The problem :: Transcribe exactly the lines below that begin at the line with "窯體的每層襯都是由一層致密層" and stop after the line with "#101209185v1 Exhibit 5", leaving out every picture.

Data to use ::
- Opening Delimiter -

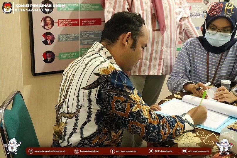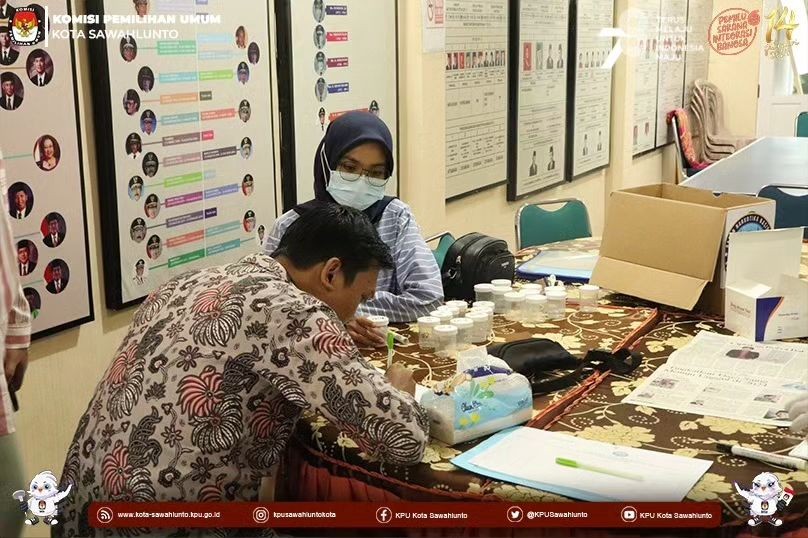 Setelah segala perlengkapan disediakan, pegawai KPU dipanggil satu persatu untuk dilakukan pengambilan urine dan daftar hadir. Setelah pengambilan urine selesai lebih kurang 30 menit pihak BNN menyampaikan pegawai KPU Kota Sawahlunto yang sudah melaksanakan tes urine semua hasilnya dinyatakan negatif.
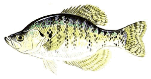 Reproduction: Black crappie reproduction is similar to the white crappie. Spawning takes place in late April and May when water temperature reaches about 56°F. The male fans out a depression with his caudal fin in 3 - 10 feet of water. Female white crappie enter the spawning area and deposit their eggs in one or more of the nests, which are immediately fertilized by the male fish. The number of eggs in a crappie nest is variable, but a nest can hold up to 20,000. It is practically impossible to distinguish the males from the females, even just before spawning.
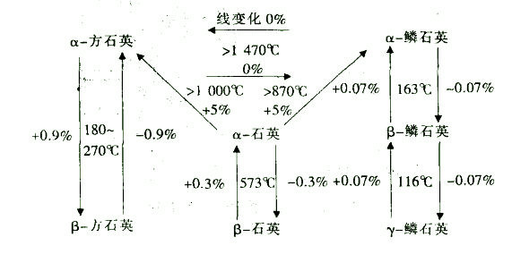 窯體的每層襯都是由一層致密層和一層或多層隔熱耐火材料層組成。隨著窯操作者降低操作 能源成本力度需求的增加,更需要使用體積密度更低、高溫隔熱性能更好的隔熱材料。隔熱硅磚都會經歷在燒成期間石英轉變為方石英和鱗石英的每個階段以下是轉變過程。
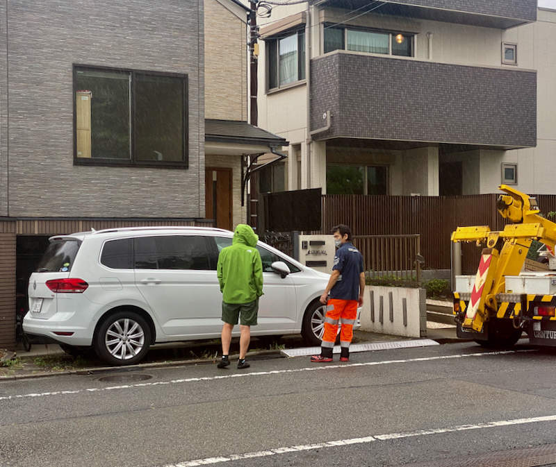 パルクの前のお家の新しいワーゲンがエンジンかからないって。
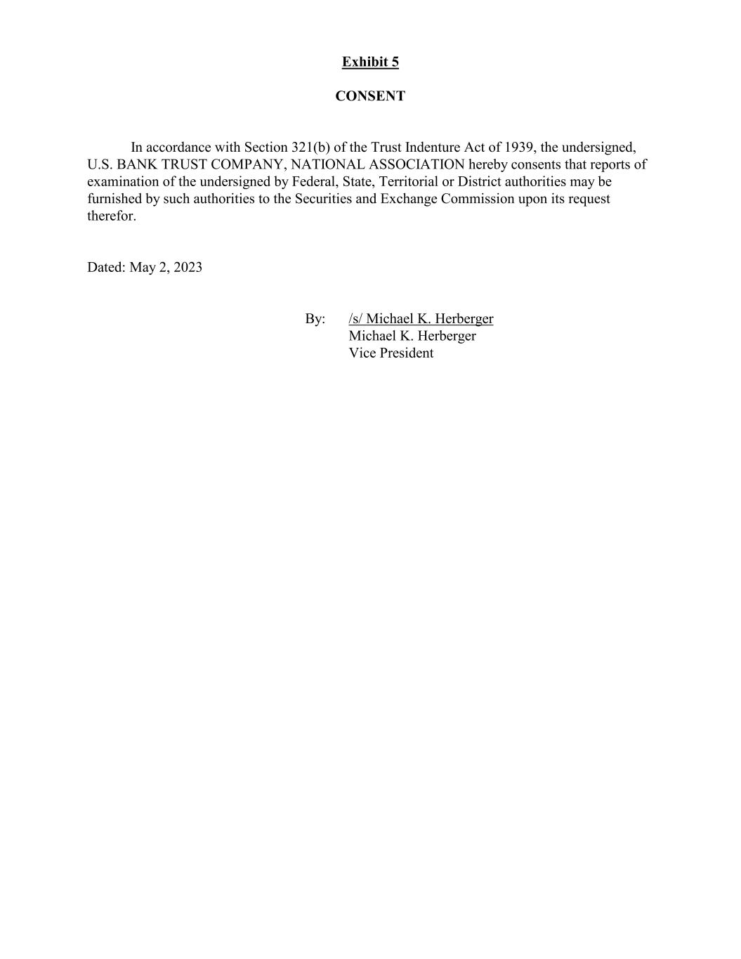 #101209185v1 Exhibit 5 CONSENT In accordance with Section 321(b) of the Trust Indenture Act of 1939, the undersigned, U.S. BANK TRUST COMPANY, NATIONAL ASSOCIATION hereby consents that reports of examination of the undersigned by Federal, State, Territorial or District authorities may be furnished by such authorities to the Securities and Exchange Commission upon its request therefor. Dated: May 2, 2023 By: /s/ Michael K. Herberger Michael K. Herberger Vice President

- Closing Delimiter -
- Opening Delimiter -

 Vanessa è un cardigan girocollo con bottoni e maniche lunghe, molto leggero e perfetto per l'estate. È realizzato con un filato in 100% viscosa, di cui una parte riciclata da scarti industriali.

- Closing Delimiter -

Exercise answer ::
 窯體的每層襯都是由一層致密層和一層或多層隔熱耐火材料層組成。隨著窯操作者降低操作 能源成本力度需求的增加,更需要使用體積密度更低、高溫隔熱性能更好的隔熱材料。隔熱硅磚都會經歷在燒成期間石英轉變為方石英和鱗石英的每個階段以下是轉變過程。
 パルクの前のお家の新しいワーゲンがエンジンかからないって。
 #101209185v1 Exhibit 5 CONSENT In accordance with Section 321(b) of the Trust Indenture Act of 1939, the undersigned, U.S. BANK TRUST COMPANY, NATIONAL ASSOCIATION hereby consents that reports of examination of the undersigned by Federal, State, Territorial or District authorities may be furnished by such authorities to the Securities and Exchange Commission upon its request therefor. Dated: May 2, 2023 By: /s/ Michael K. Herberger Michael K. Herberger Vice President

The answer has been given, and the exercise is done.